We are further unpersuaded by plaintiffs’ assertion that the adverse possession period in this state is the proper limitation of actions provision [703]*703to employ in this case.6 In support of this position, plaintiffs cite Brazos River Authority v City of Graham, 163 Tex 167; 354 SW2d 99 (1961), and Frustuck v City of Fairfax, 212 Cal App 2d 345; 28 Cal Rptr 357 (1963). We perceive insuperable obstacles to an even-handed application of such a provision in inverse condemnation actions.

First, with adverse possession the point at which the statute begins to run is clear-cut and easy to define: the open and hostile possession of land under claim of right to the exclusion of the true owner placed on notice of the claim. Wood v Denton, 53 Mich App 435, 440-441; 219 NW2d 798 (1974).

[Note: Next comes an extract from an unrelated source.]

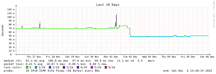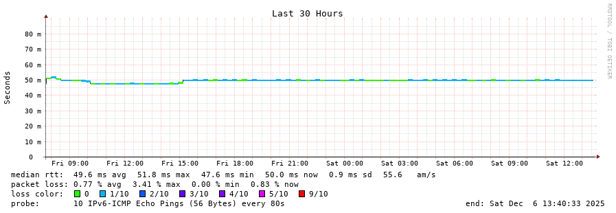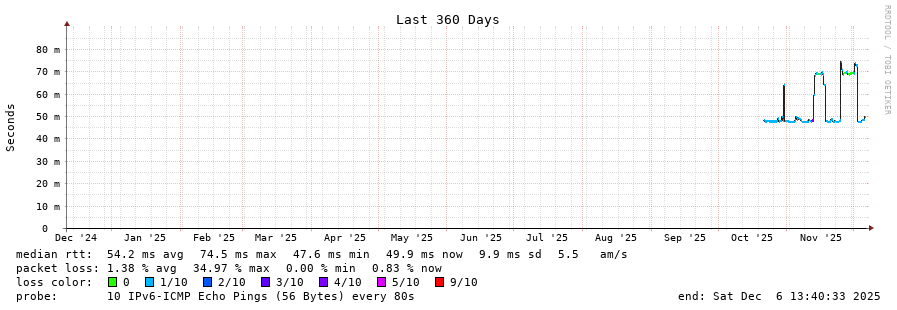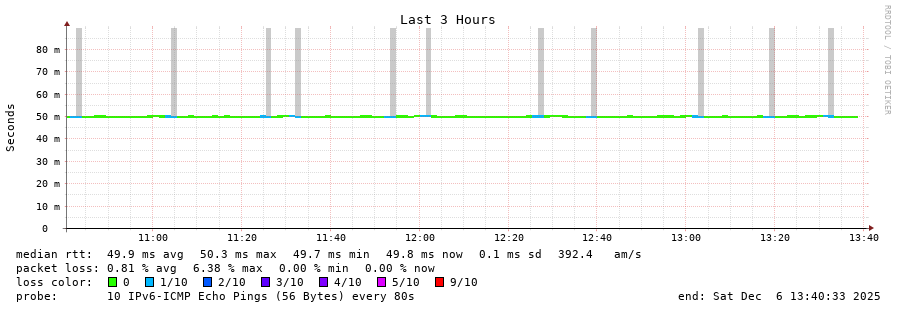 traceroute to 2001:4350:1:1::ff90 (2001:4350:1:1::ff90), 30 hops max, 80 byte packets - Generated at 2025-12-06 13:30:01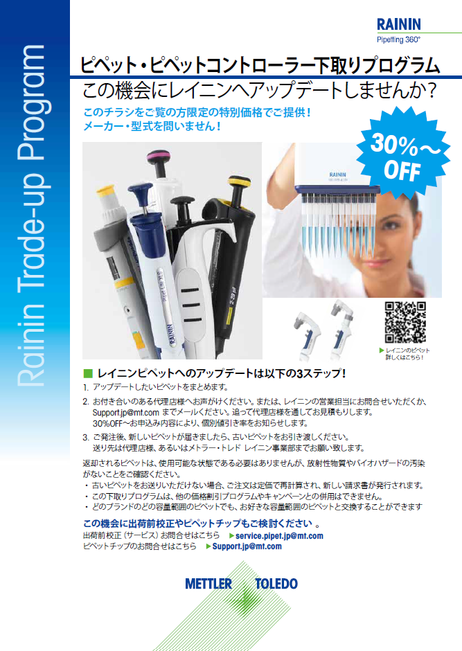 LTS手動シングルピペット(メトラー・トレド) LTS手動マルチチャンネルピペット(メトラー・トレド) レイニンSPピペットコントローラー(メトラー・トレド) |

Contrarily, the point at which a "taking” commences is not as easily pinpointed since in most cases the true owner will not suffer a privation of seisin. Moreover, a distinction between when a "taking” occurs and when a plaintiff’s cause of action arises has evolved under both Michigan and Federal case law.

United States v Dickinson, 331 US 745; 67 S Ct 1382; 91 L Ed 1789 (1947), clearly illustrates the above point. In that case the Federal government, without condemning Dickinson’s land, dammed a river and raised the water level in stages until the land was flooded. More than six years after water began to flood Dickinson’s land, but less than six years after that water reached its ultimate level, Dickinson brought an inverse condemnation action. The applicable statute of limitations under the Tucker Act was six years.

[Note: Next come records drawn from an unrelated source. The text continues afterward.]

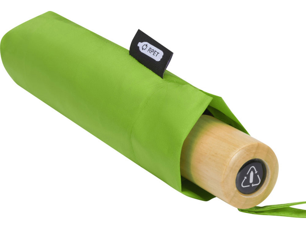 Ручной складываемый зонт с куполом из эпонж полиэстера и переработанного ПЭТ-пластика. Прочный металлический стержень, высококачественная рама со спицами из стекловолокна обеспечивают максимальную гибкость в ветреную погоду. Поставляется с чехлом и может легко поместиться в сумку или рюкзак для удобного ношения. Сочетание деревянной ручки и купола из эпонж полиэстера и переработанного ПЭТ-пластика обеспечивает надежность зонта. Доступен в различных модных цветах с большой областью рисунка на каждой панели.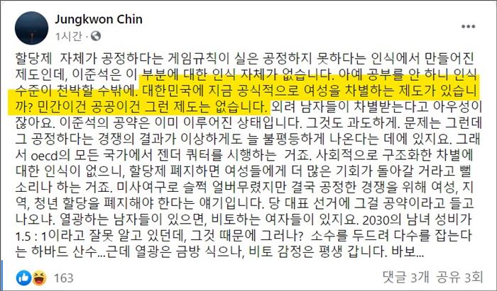 진중권 교수가 공식적으로 여성을 차별하는 제도는 없다고 발언했을 때 누구도 이를 비난하지 않았다. 진씨의 발언과 윤후보의 발언은 같은 의미의 것일수도 있다. 그러나 이에 대한 합리적 토론이나 설명은 없고 그저 비난과 공격만이 난무한다. 앞서 설명했듯 적극적 우대조치를 정당화하기 위한 맥락에서 쓰는 ‘구조적 차별’이라는 말은 이기적이며 불의한 요구를 가리기 위한 위장 언어전술이다.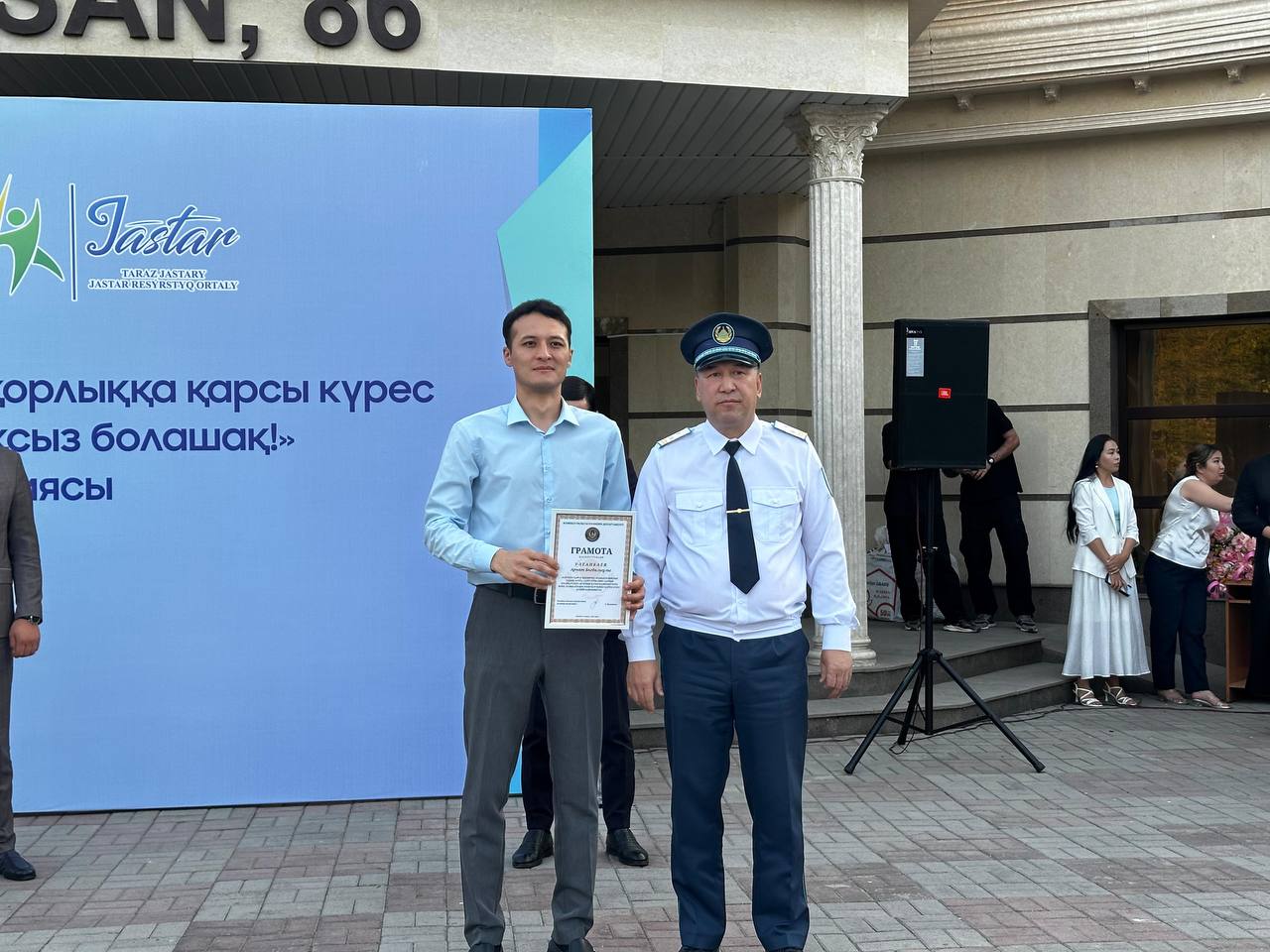 Халықаралық нашақорлыққа қарсы күрес күніне орай Тараз қаласындағы Қ.Рысқұлбеков атындағы саябақта есірткіге қарсы айлықтың жабылу рәсімі өтті. Шараға қала тұрғындары, жастар, полиция қызметкерлері мен еріктілер қатысты.

The Court noted that, although perhaps the taking occurred at the time the water began to pour onto Dickinson’s land, it would be unfair to [704]*704hold that his cause of action accrued prior to the water reaching a stabilized level. Only then could Dickinson know the extent of the damage.

If this concept of a "continuous wrong”, which is applied in inverse condemnation actions, is coupled with the 15-year adverse possession statute of limitations, there will be two untoward results: (1) the statute would not be applied in inverse condemnation actions in the manner it was intended under the theory of adverse possession, i.e., that it would run from the time of taking; and (2) the period of time in which a plaintiff could bring suit would be abnormally long.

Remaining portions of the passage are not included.